Friday, December 22, 2006

Read: "Fade to Blond" by Max Phillips

Read: Fade to Blonde by Max Phillips, 2004, 0843953500.

Excellent. This is a Hard Case Crime paperback. An original novel, not a reprint. I have a couple more Hard Case books checked out and one is an Ed McBain from about '58. Another is by Pete Hamill but I do not know the vintage.

This was really well written. Nice Hammett like touches in some of the descriptions by the main character, and narrator, Ray Corson. Ray left home early, bummed the rails a few years, saw service in WWII and now, in the mid-1950s or so, he's a washed out actor/screenwriter/boxer/bodyguard in Los Angeles making do as a construction worker. One day a big chested blonde shows up asking for Ray's help as muscle. The blonde says she has been threatened with facial disfurgerment by a local porn producer. Of course, the blonde's story is not all true and Ray, not dumb but not brilliant, struggles a while before he gets to the truth.

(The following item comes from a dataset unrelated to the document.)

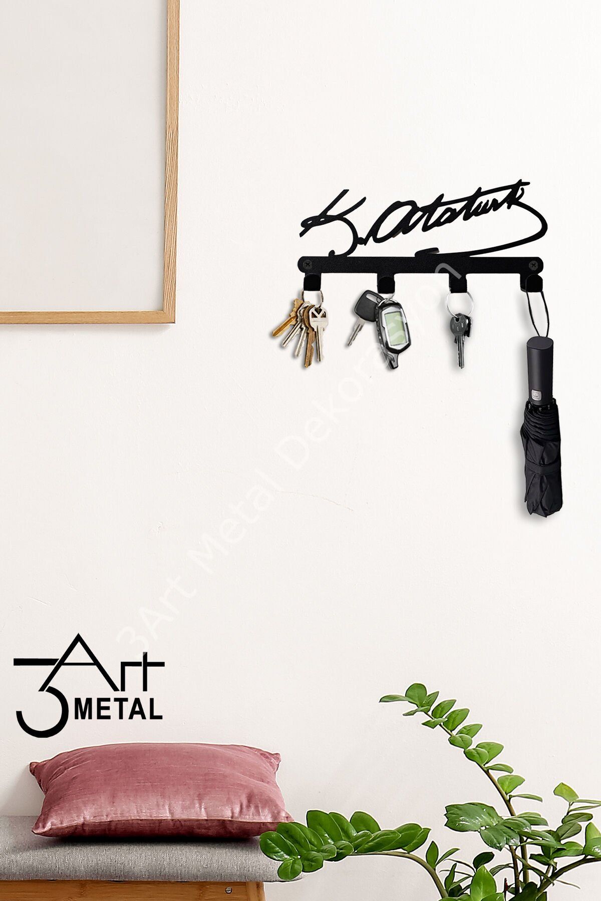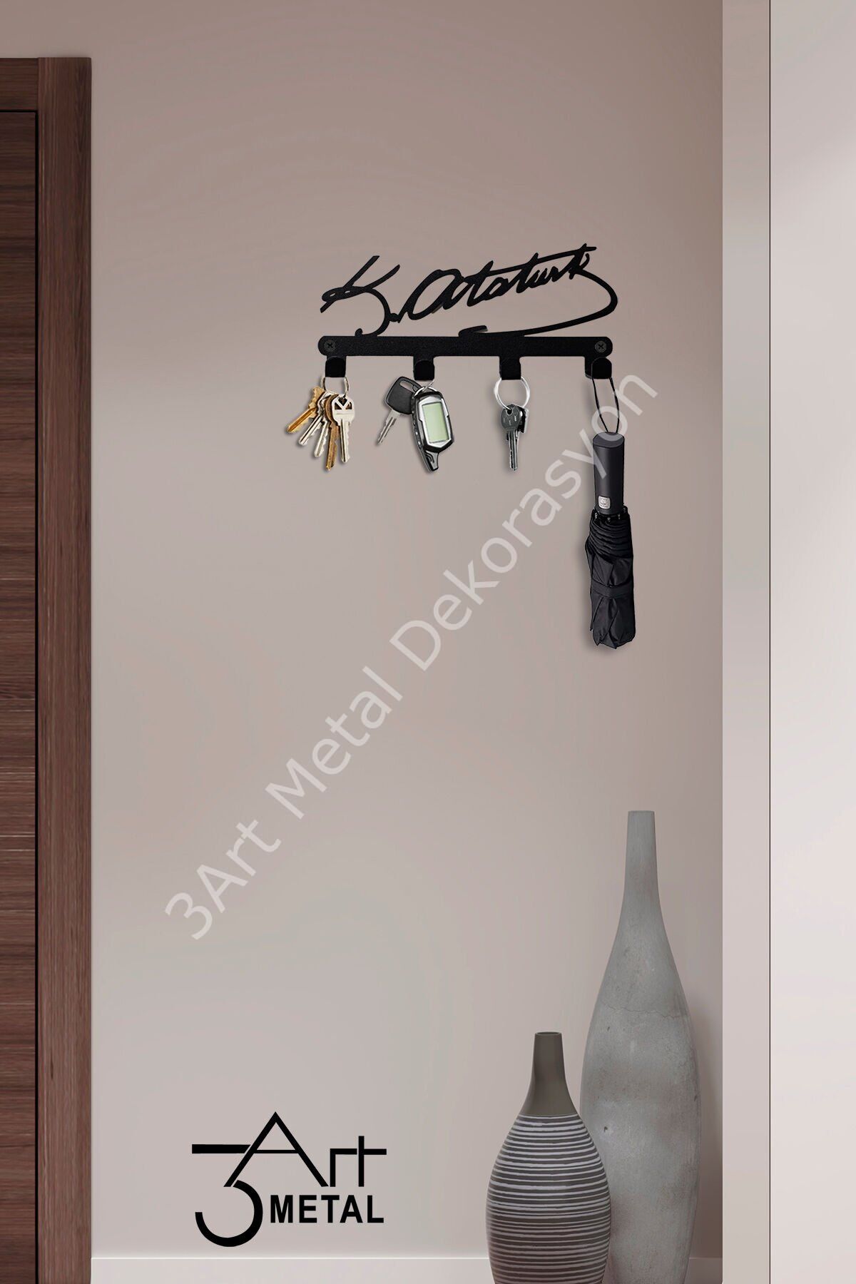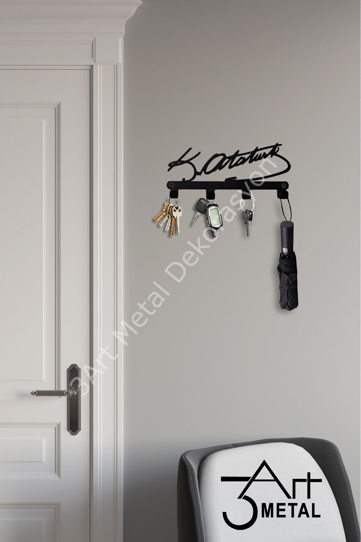 - Siyah renk seçeneğiyle modern ve şık bir görünüm sunar, dekorasyonunuza kolayca uyum sağlar.; - Mustafa Kemal Atatürk'ün ismi ile özelleştirilmiş tasarımıyla, hem kişisel kullanım hem de hediye olarak idealdir.; - Anahtar askısı ve anahtarlık özellikleri sayesinde evinizde veya ofisinizde düzenli bir alan oluşturmanıza yardımcı olur.; - Türkiye menşeli olmasıyla yerel üretim kalitesini yansıtır ve dayanıklılığı garanti eder.; metal duvar askılığı, siyah askılık, banyo havlu askısı, çelik duvar askı, mutfak askılığı, kapı arkası askı, modern askılık, çanta askısı, lazer kesim askı, anahtarlık askılığı, dekoratif duvar askısı, mat siyah metal askılık, organizer askı

Corson's L.A. is filled with aspiring actors, failed actors, talent scouts, and all the gaffers, riggers and set designers that make up the low end of the movie industry. The setting gives an interesting twist by showing the work-a-day world of Hollywood. No glitter in the Phillips' rented rooms and drug dealer house parties.

Phillips is spare in his writing but his character descriptions are sharp enough that we can fill in the empty spaces he leaves. One nice touch by Phillips was when Corson forcibly takes a drug dealer to see a mobster. The dealer is verbally abusive with Corson and Ray says to the reader, "He made me a recommendation."